• [WHAT TO WORK ON] Copy, without a single change, each line from the one that holds "- Design: Maroon" to the bottom of the entries below, and drop any pictures.

• [SUPPLIED MATERIAL]

-*-*-

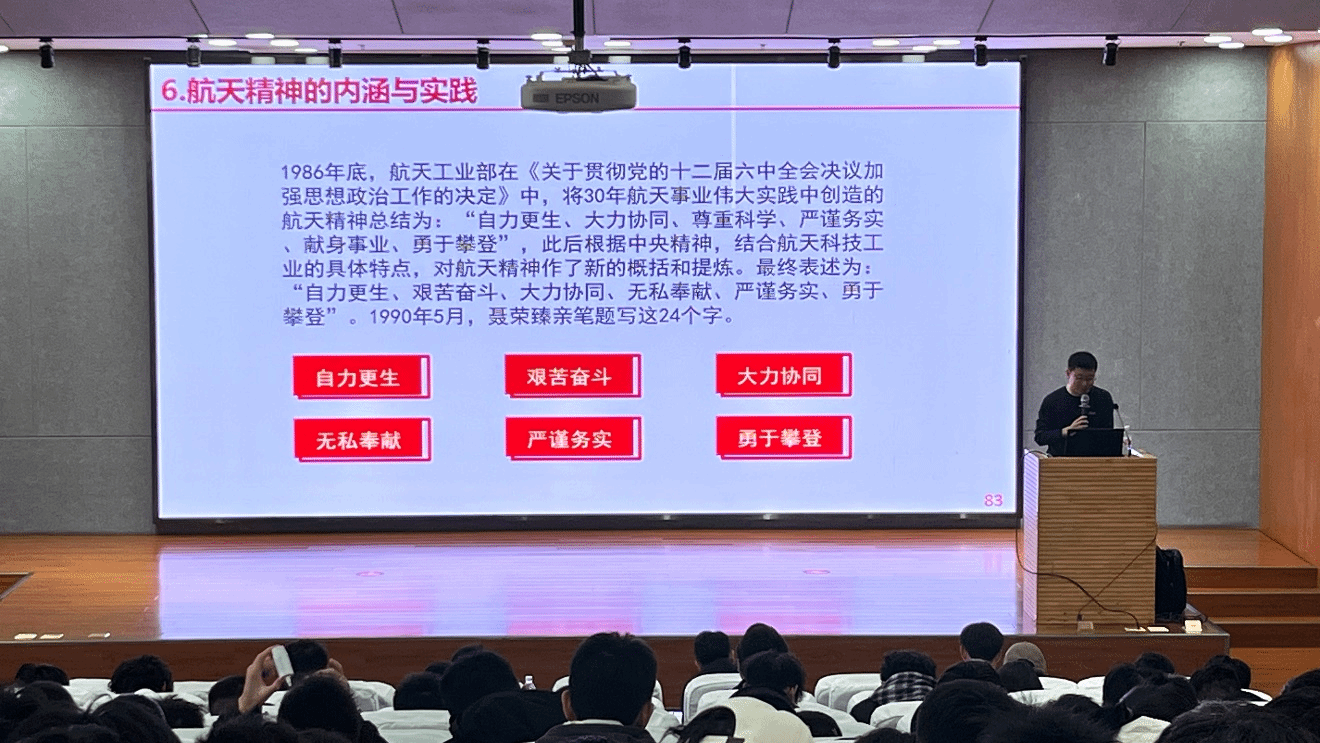 张文睿员工以《从技术追赶到空间引领——我们的卫星激光通信工程》为题作学术报告。他从“我国航天发展简史回顾”“我国人造卫星发展简史回顾”切入,系统梳理中国航天从“两弹一星”到载人航天,从“北斗”组网到“天问”探火的辉煌历程;围绕“卫星激光通信的基本概念和国内外发展历程”展开技术解析,结合自身科研实践,阐释卫星激光通信“高速率、抗干扰、低功耗”的核心优势及未来应用前景。报告中,他多次强调“自力更生、艰苦奋斗、大力协同、无私奉献、严谨务实、勇于攀登”的航天精神,勉励青年学子“将个人理想融入国家发展的星辰大海,以勇气和智慧在航天强国的征程上书写无悔青春!在浩瀚太空镌刻下属于这一代人的中国印记,为实现中华民族伟大复兴的中国梦贡献航天力量”。
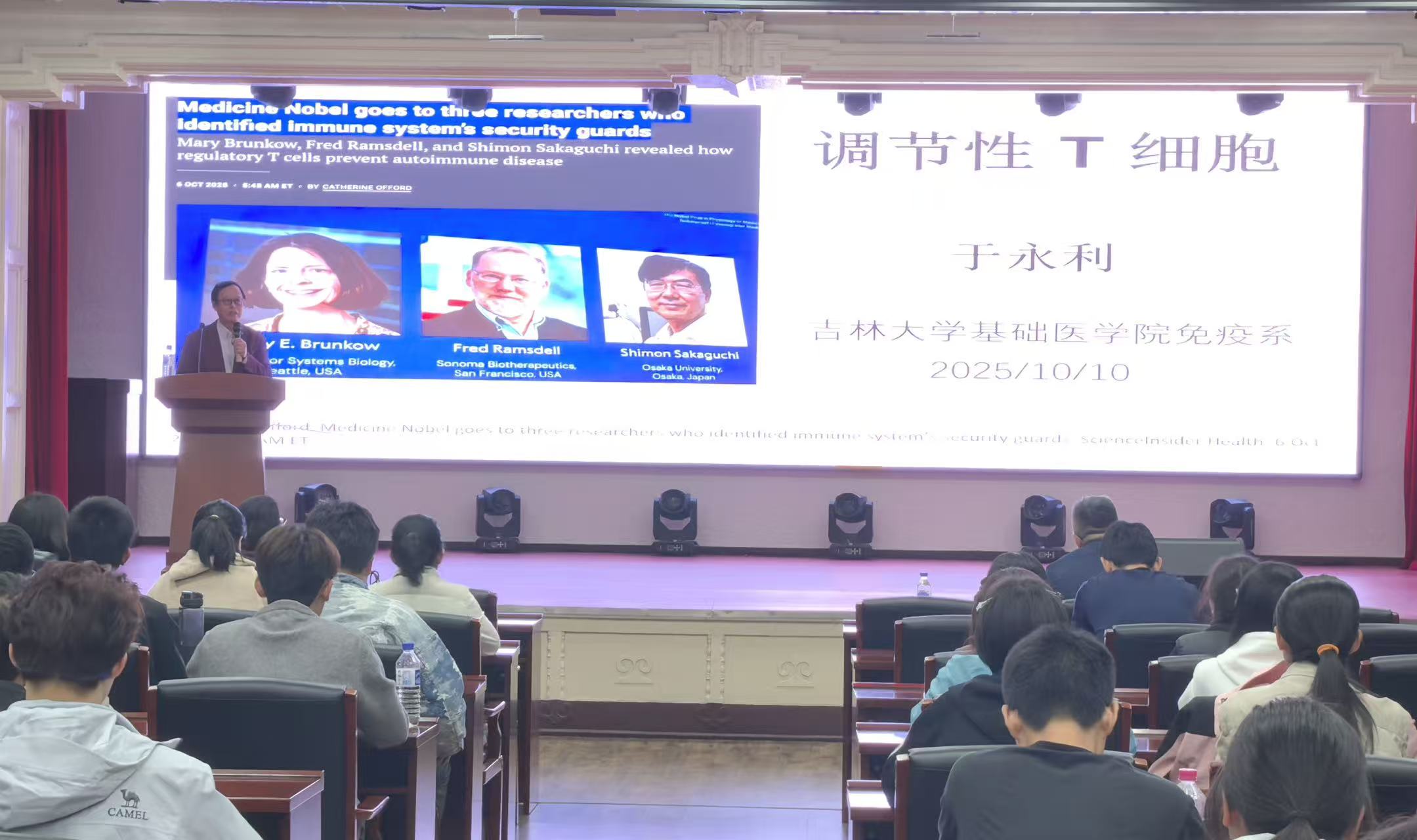 免疫学系于永利教授进行了题为“潜心基础医学研究 三十年磨一剑——2025年诺奖解读”的专题讲座。学院全体本科生和教师代表共200余人参加了本次讲座。
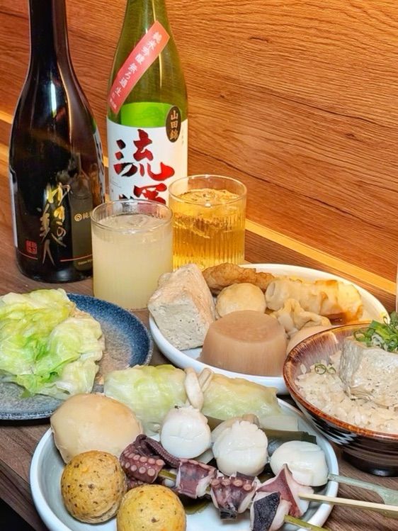 主打關西風關東煮 品項多達30種 還有日本酒可選 入桌後會上一杯高湯暖胃 湯可以無限續
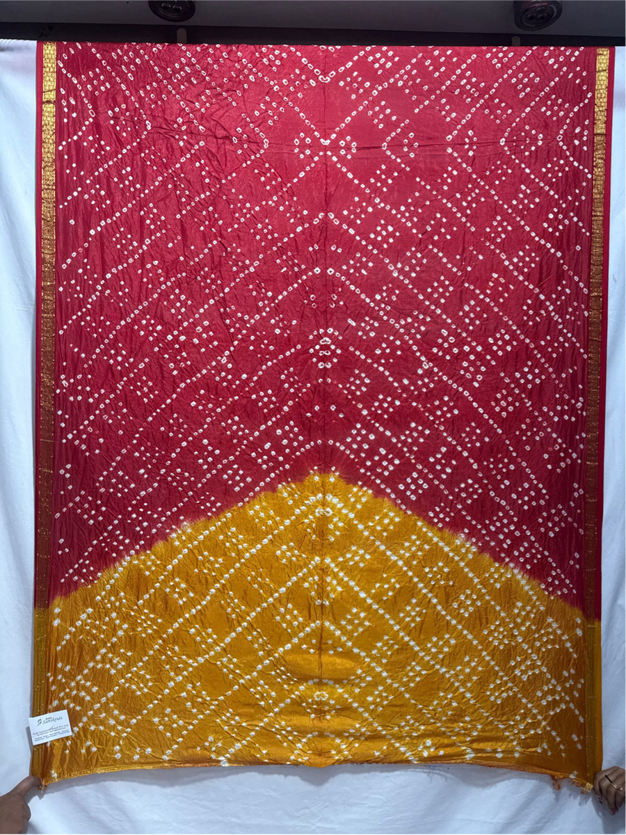 - Design: Maroon & Golden Hand Made Bandhani motifs across the body.
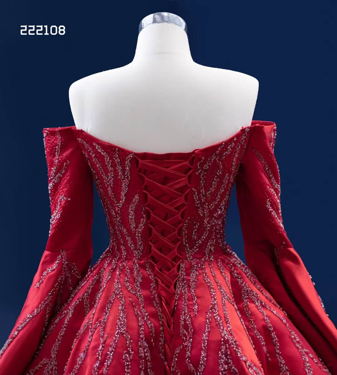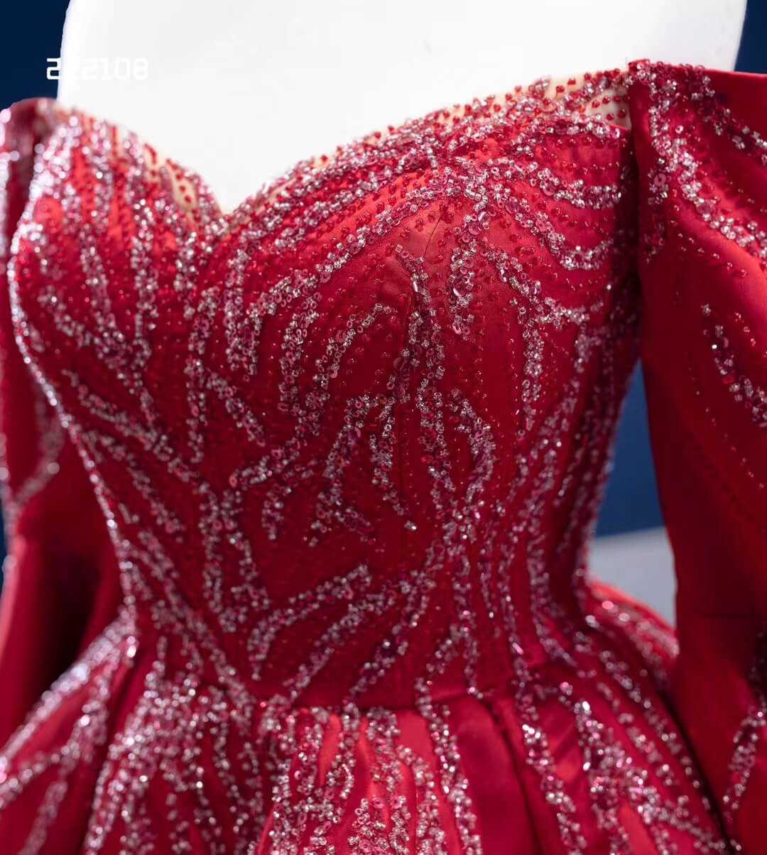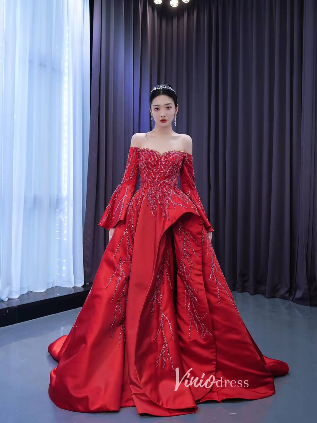 Long Sleeve Red Ball Gown Beaded Satin Wedding Dresses with Slit 222108

-*-*-

• [RESPONSE AREA]
 - Design: Maroon & Golden Hand Made Bandhani motifs across the body.
 Long Sleeve Red Ball Gown Beaded Satin Wedding Dresses with Slit 222108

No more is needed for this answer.